Association leader Francisco Cheuque Ancaten told www.freshfruitportal.com that even though the weather in the Araucania region has not been the best in recent years, growers are very pleased with the results.
He said the main goal was to send a natural product that carries identity and quality with it to consumers.
"We take care of nature and that has a great value for people who are aware of what it means. We are very well regarded by people from other countries. In Chile the value of that isn't taken," he said.
"We treat our fields in a 100% organic way, not just with raspberries but with potatoes, cereals, etcetera, because we want our fields to go back to being natural as they were before.
Amuley registered 20 metric tons (MT) in its first season and expanded to send 45MT this recent season, with 40 farmers now involved. Cheuque said the group did not restrict its sourcing to only indigenous farmers.
"We worked with nine communities in Lautaro and now we are bringing together others outside the area. We started as a legal indigenous entity, but we realized that we cannot be discriminatory and decided to be cooperative to include non-Mapuche producers. They are a great addition for us, as we are for them too."
In a press release from CONADI, a group that helped the association with CLP50 million (US$105,764) for buying equipment, national director Jorge Retamal Rubio said Amuley was a great example of entrepreneurship.

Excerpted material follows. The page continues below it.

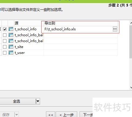 17、 在该页面勾选需导出的表,选择目标目录,确认后点击下一步即可完成导出设置。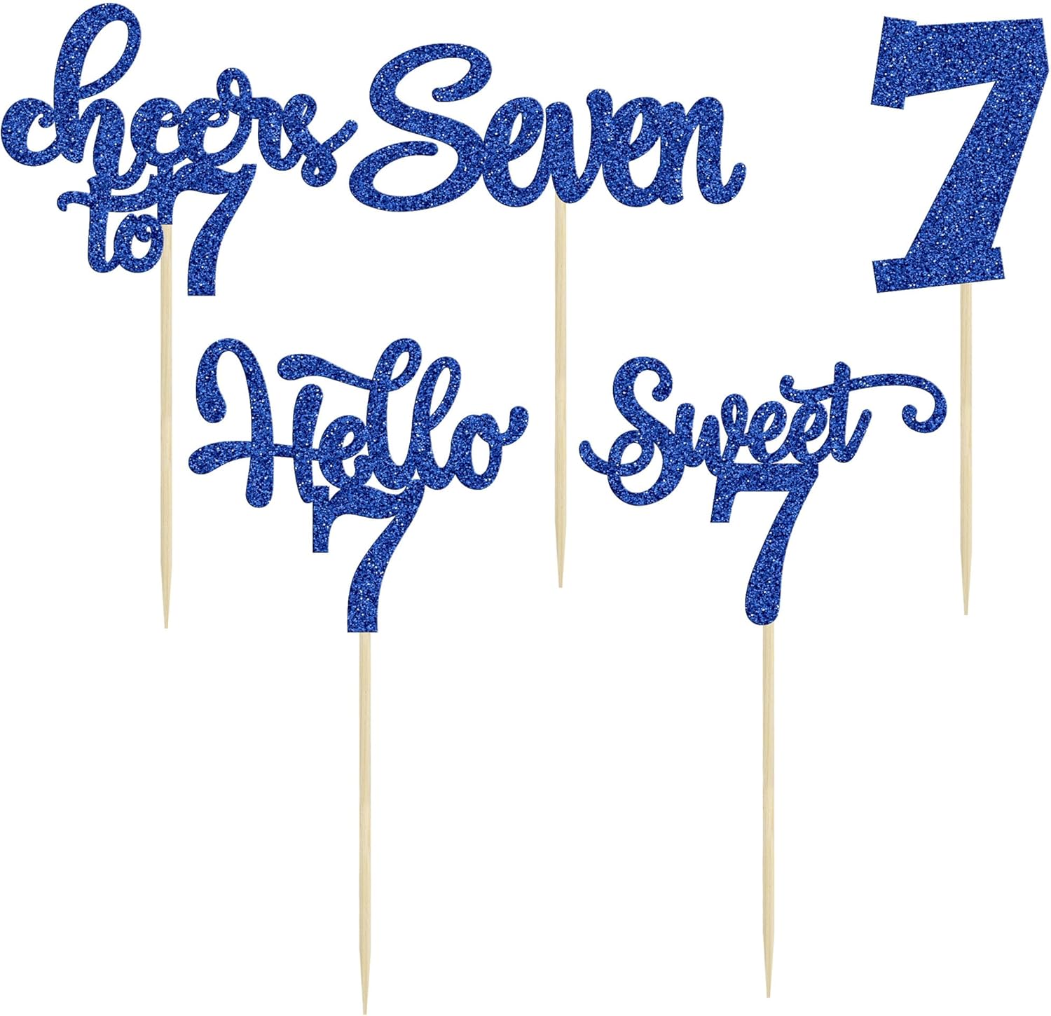 30Pcs 7th Birthday Cupcake Toppers Glitter Seven Happy 7 Cupcake Picks Cheers to 7 Years Old Cake Decorations for 7th Birthday Party Supplies Deep Blue

"We congratulate the Mapuche group "Amuley" because what they have done is very important, because of their associative work, and because the government of President Sebastián Piñera has always encouraged the productive development of Mapuche lands," he said.
In 2011, CONADI funded an Amuley trip to California where the growers decided to adopt the Meeker variety of raspberries.
"This is a very resilient and adaptable variety, with which we have had excellent results, even now we are selling plants to producers in other parts of the country," Cheuque added.
He said the association was also interested in exporting organic lupine, which can be used as a natural fertilizer.